テキスト注釈とは何ですか?
Text Annotation Services for Machine Learning モデルは、テキスト 注釈を使用してテキスト データを理解できます。一般的なワークフローには、エンティティの認識と分類、感情分析、意図分析、エンティティ認識が含まれます。プロジェクト ガイドラインに基づいて、データはキーワード、文章、語句、語句などの必要なカテゴリに解析されます。注釈付きのデータセットを使用すると、マシンは人間と同じように自然言語で通信できるようになります。
WHAT ARE THE TYPES OF TEXT ANNOTATION SERVICES INDIA?
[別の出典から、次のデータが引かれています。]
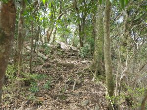 | 鞍部分岐の印 | 登り返す | 石割岳を振り返る |

LABELIFY’S TEXT ANNOTATION SERVICES INDIA
感情分析
Labelify のトピックおよびセンチメント アナリストは、製品レビューや金融ニュースなどの大量のテキスト データから傾向やニュアンスを検出できます。
意図の分析
Labelify テキスト アノテーションの専門家は、NLU の構成要素をまとめて、ヘルスケア、金融、テクノロジー メディア、小売における次世代チャットボット、デジタル アシスタント、会話型 AI 製品を開発しています。
特定実体の認識 (NER) と実体の分類
Labelify は、関連するテキスト文字列を識別、分類、リンクします。これにより、デジタル文書分析と会話型 AI 開発における革新が可能になります。
テキスト注釈のプロセス
Labelify の対象分野の専門家が、カスタマイズされたエンドツーエンドのワークフローを開発するプロセスをガイドします。
1. 専門家による相談
革新的なソリューションベースのアプローチ。学際的な問題解決。回復力と機敏性が向上しました。
2. トレーニング
ターゲットとなるリソース。カスタムスキル。焦点を絞った深いマイクロラーニング。ドメインの専門知識。名簿作成のためのツール。
3. ワークフローのカスタマイズ
プロセスとツール間の調整。構造化された開発マイルストーン。実稼働および QA アノテーションは 2 つのステップで実行できます。
4. フィードバックサイクル
分析は、透明性のリアルタイム監視とサービス配信の洞察を実現するのに役立ちます。エッジケースの洞察。動的モデルの改善。
5. 評価
成果物の評価。最も重要な指標と品質保証手順の評価。モデルの見直し。ビジネスのパフォーマンスの分析。